State Data Breach Notification Policy
Introduction
The lack of a federal Consumer Privacy Bill of Rights means states must pass their own policies to protect their residents from data breaches and mishandling of personal information. Florida’s Information Protection Act is one of the most comprehensive data breach notification laws in the United States.
Exemplary Laws
Colorado’s Consumer Data Privacy Law
In 2018, Colorado increased protections for its residents with a new data breach protection law. Colorado’s breach notification law contains some of the most protective provisions in the country, including:
- A private or government organization that stores paper or electronic records must notify consumers and the government of a breach of any size within thirty days of that breach. The notification must include contact information and updates on any investigation into the breach.
- If the breach affects more than 1,000 records, the organization must also notify all nationwide credit reporting agencies.
- The definition of “personal information” includes an individual’s first name or first initial and last name when combined with social security number, ID number, medical or health insurance information, or biometric data. It also includes email and online credentials as well as credit card information.
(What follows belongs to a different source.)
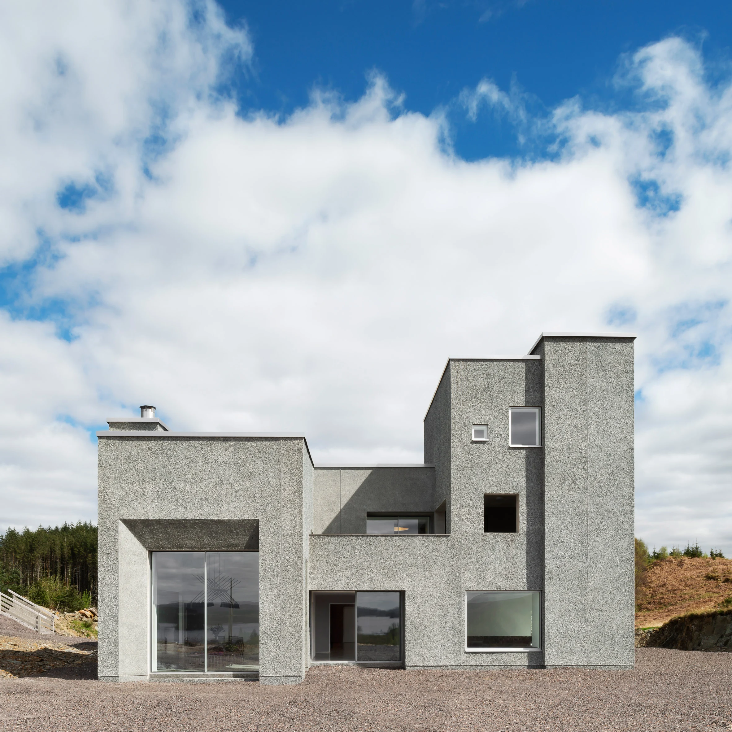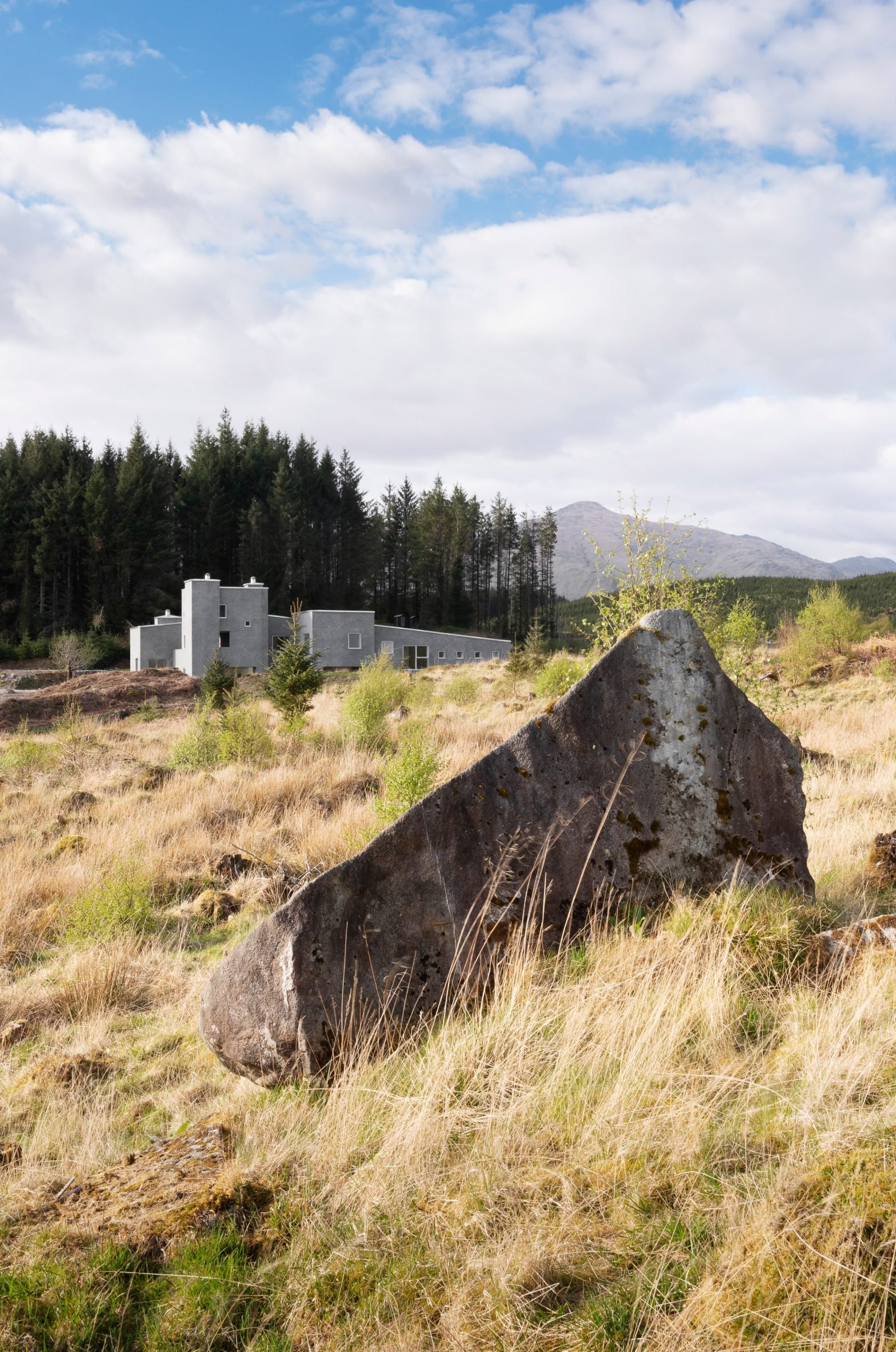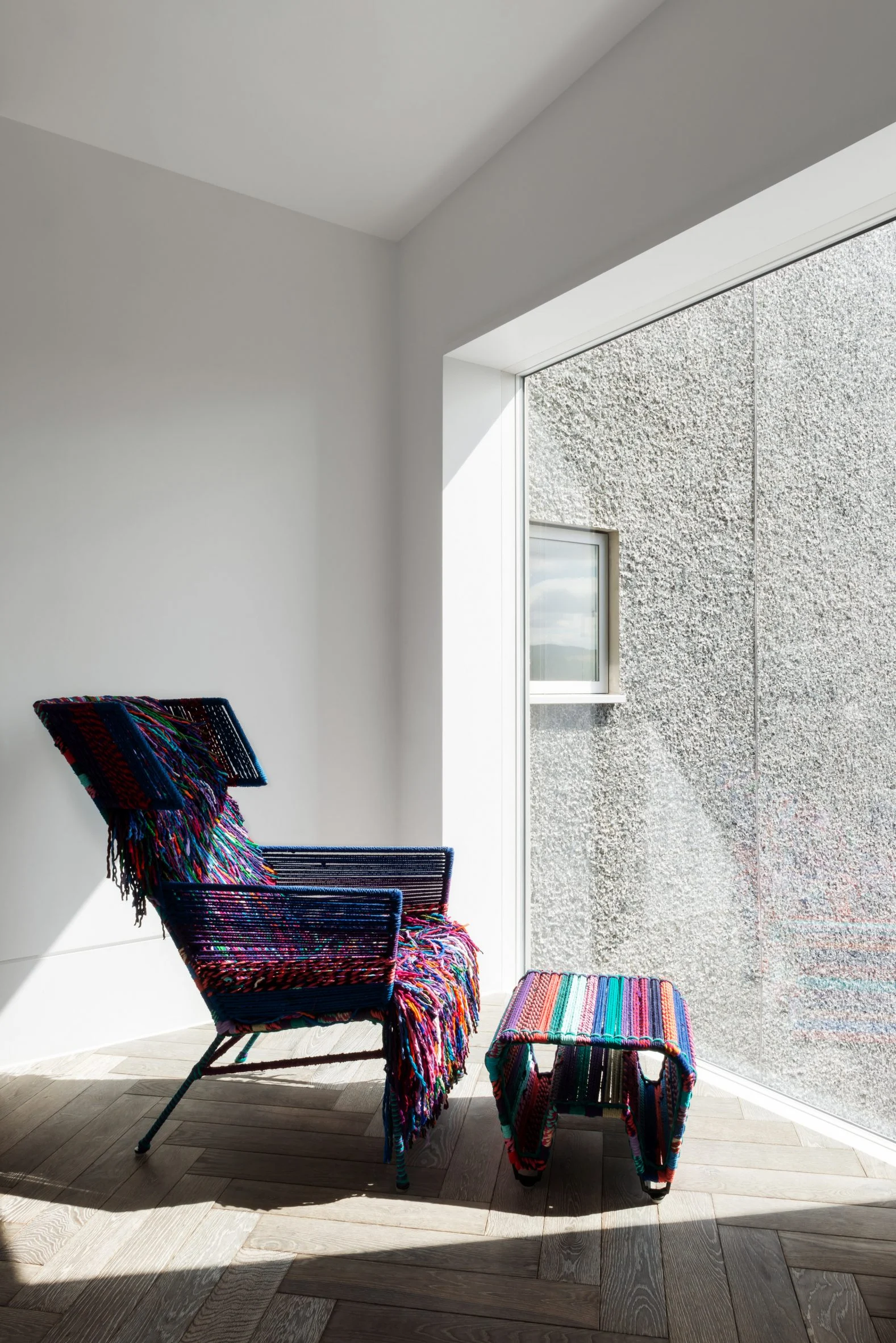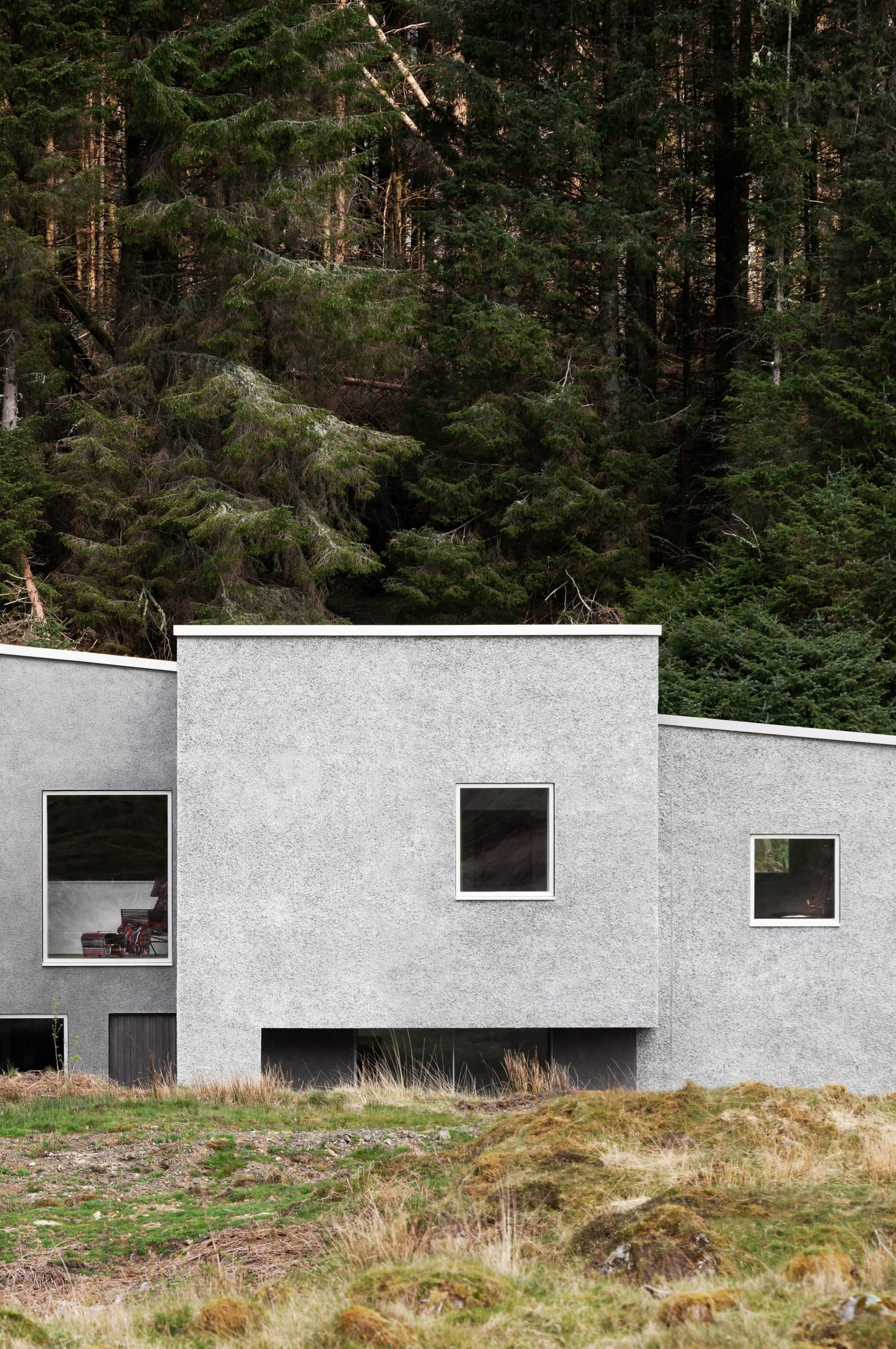 One of the most striking design features of Hundred Acre Wood is, as you’ve likely noticed, its facade, which is covered in recycled and crushed TV screens for a low-maintenance, pebbledash-like finish. This was an idea conceived and developed by Denizen Works as a take on a traditional Scottish harling – a rough wall finish that is made from lime and aggregate and it delivers an impactful visual to say the least.

- Organizations maintaining personal information must destroy that information when it is no longer needed.
- The attorney general may impose civil and criminal penalties for violations.
What’s Missing from Colorado’s Law?
While Colorado’s data breach law is quite comprehensive, it would be improved by requiring that companies implement certain baseline data security processes, rather than give companies wide latitude to determine what constitutes reasonable security measures.
Florida Information Protection Act of 2014
In 2014, Florida enhanced the protections afforded consumer data of Florida residents with the passage of the Florida Information Protection Act (FIPA). Florida’s data breach law is exemplary as one of the most comprehensive data protection laws in the nation. Its strong provisions include:
- If a data breach incident compromises the personal information (including usernames/passwords for online accounts) of over 500 Florida residents, the company or entity breached must inform the Florida Department of Legal Affairs as well as each affected or likely affected resident within 30 days of the breach discovery. Florida’s 30-day breach notification deadline is the strictest in the country.
- The breached company or entity is required to make certain materials available to the state government upon request, such as remedial procedures, incident reports, and computer forensic reports.
- The definition of “personal information” was expanded to include individuals’ first name or first initial and last name, in combination with any one of the following: passport number; medical history, mental or physical condition, or medical treatment or diagnosis by a healthcare professional; or health insurance policy number, subscriber identification number, or any unique identifier health insurers use to classify individuals. FIPA also includes in its definition of “personal information” a user name or email address coupled with a password or a security question and answer that would permit access to an online account.
- Mandated disposal standards for customer data no longer to be retained, to prevent against unauthorized access post-disposal.
- Proactive measures: a requirement for businesses and entities that collect customer data to “take reasonable measures to protect and secure data in electronic form containing personal information” on Florida residents.
What’s Missing from Florida’s Law?
While Florida’s data breach law is quite comprehensive, it would be improved by requiring that companies implement certain baseline data security processes, rather than give companies wide latitude to determine what constitutes reasonable security measures.